--- WHAT TO WORK ON ---
Everything in the listing below has to be repeated exactly, except the pictures.

--- SUPPLIED DATA ---
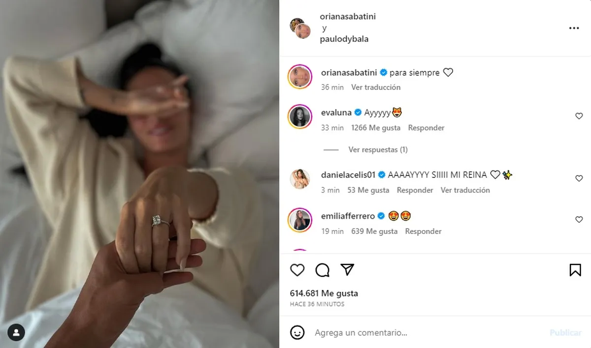 Claro que en la imagen que acompañó la escueta frase, puede ver a Sabatini recostada en la cama, tapándose la cara con una mano y la otra extendida, tomada de la de Dybala, luciendo el hermoso anillo de compromiso con una delicada piedra preciosa.
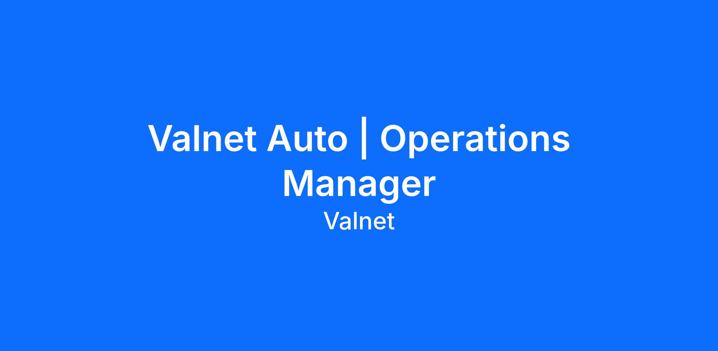 Valnet Auto | Operations Manager
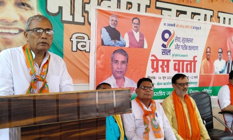 उत्तर प्रदेश औरैया दिबियापुर रोड पर स्थित पूर्व कृषि राज्यमंत्री के कैंप कार्यालय पर भाजपा की केंद्र सरकार के 9 साल की उपलब्धियां को लेकर दिबियापुर विधानसभा के पूर्व भाजपा विधायक एवं पूर्व कृषि राज्यमंत्री लाखन सिंह राजपूत ने भाजपा जिला उपाध्यक्ष प्रेम गुप्ता, भाजपा शिक्षक प्रकोष्ठ जिला संयोजक राजेश कुमार अग्निहोत्री, समाजसेवी कमलेश अवस्थी, अवधेश सिंह पिंकी, अमर सिंह राजपूत, जितेंद्र सिंह राजावत, परवेश राणा, अर्पित सिंह चौहान, प्रमोद राजपूत, विकास राजपूत आदि की उपस्थिति में प्रेसवार्ता की जिसमे पूर्व भाजपा विधायक एवं पूर्व कृषि राज्यमंत्री लाखन सिंह राजपूत ने बताया कि प्रधानमंत्री नरेंद्र मोदी के नेतृत्व में भारत विकास की तरफ बढ़ रहा है। 80 के दशक से आज तक देश के विकास में भाजपा का योगदान बताया। 2004 से 2014 तक देश ने कमजोर नेतृत्व का दंश झेला। इन 10 सालो में भारत को कमजोर अर्थव्यवस्था कहा जाने लगा था। 130 करोड़ की आबादी ने 2014 में मोदी पर भरोसा किया। और आज देश का नेतृत्व मजबूत हाथों में है। उन्होंने कहा कि भारत ने वह दिन भी देखे जब पोलियो इत्यादि वैक्सीन भारत मे आने में वर्षों लगे थे। आज दो स्वदेशी कोविड टीके देश ने निर्मित किये और निर्यात भी किये। आत्मनिर्भर की दिशा में देश में चमत्कृत करने का काम हुए। 1121 लाख मीट्रिक टन अनाज बांटा जा रहा है। पूर्व कृषि राज्यमंत्री ने कहा कि 2करोड़ 65 लाख किसान डायरेक्ट बेनिफिट से किसान बीमा ले रहे है। किसानों की आमदनी दोगुना करने के लिए प्रयास हो रहे है। आर्थिक रूप से वंचित का आरक्षण 124 वा संविधान संशोधन करके ये काम किया गया। मोदी सरकार ने पिछड़ा वर्ग आयोग को संवैधानिक दर्जा दिलाने सहित
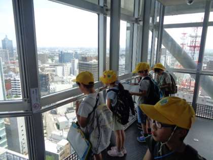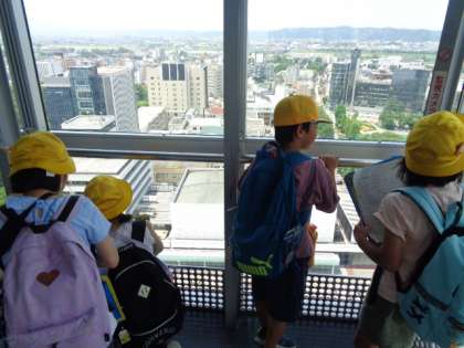 次に、市役所の展望台へ行きました。方位を意識して山側や海側の違い、駅の方の様子等を観察しました。近くから遠くの方まで広い視野で観察することができました。

--- ANSWER TO THE EXERCISE ---
 Claro que en la imagen que acompañó la escueta frase, puede ver a Sabatini recostada en la cama, tapándose la cara con una mano y la otra extendida, tomada de la de Dybala, luciendo el hermoso anillo de compromiso con una delicada piedra preciosa.
 Valnet Auto | Operations Manager
 उत्तर प्रदेश औरैया दिबियापुर रोड पर स्थित पूर्व कृषि राज्यमंत्री के कैंप कार्यालय पर भाजपा की केंद्र सरकार के 9 साल की उपलब्धियां को लेकर दिबियापुर विधानसभा के पूर्व भाजपा विधायक एवं पूर्व कृषि राज्यमंत्री लाखन सिंह राजपूत ने भाजपा जिला उपाध्यक्ष प्रेम गुप्ता, भाजपा शिक्षक प्रकोष्ठ जिला संयोजक राजेश कुमार अग्निहोत्री, समाजसेवी कमलेश अवस्थी, अवधेश सिंह पिंकी, अमर सिंह राजपूत, जितेंद्र सिंह राजावत, परवेश राणा, अर्पित सिंह चौहान, प्रमोद राजपूत, विकास राजपूत आदि की उपस्थिति में प्रेसवार्ता की जिसमे पूर्व भाजपा विधायक एवं पूर्व कृषि राज्यमंत्री लाखन सिंह राजपूत ने बताया कि प्रधानमंत्री नरेंद्र मोदी के नेतृत्व में भारत विकास की तरफ बढ़ रहा है। 80 के दशक से आज तक देश के विकास में भाजपा का योगदान बताया। 2004 से 2014 तक देश ने कमजोर नेतृत्व का दंश झेला। इन 10 सालो में भारत को कमजोर अर्थव्यवस्था कहा जाने लगा था। 130 करोड़ की आबादी ने 2014 में मोदी पर भरोसा किया। और आज देश का नेतृत्व मजबूत हाथों में है। उन्होंने कहा कि भारत ने वह दिन भी देखे जब पोलियो इत्यादि वैक्सीन भारत मे आने में वर्षों लगे थे। आज दो स्वदेशी कोविड टीके देश ने निर्मित किये और निर्यात भी किये। आत्मनिर्भर की दिशा में देश में चमत्कृत करने का काम हुए। 1121 लाख मीट्रिक टन अनाज बांटा जा रहा है। पूर्व कृषि राज्यमंत्री ने कहा कि 2करोड़ 65 लाख किसान डायरेक्ट बेनिफिट से किसान बीमा ले रहे है। किसानों की आमदनी दोगुना करने के लिए प्रयास हो रहे है। आर्थिक रूप से वंचित का आरक्षण 124 वा संविधान संशोधन करके ये काम किया गया। मोदी सरकार ने पिछड़ा वर्ग आयोग को संवैधानिक दर्जा दिलाने सहित
 次に、市役所の展望台へ行きました。方位を意識して山側や海側の違い、駅の方の様子等を観察しました。近くから遠くの方まで広い視野で観察することができました。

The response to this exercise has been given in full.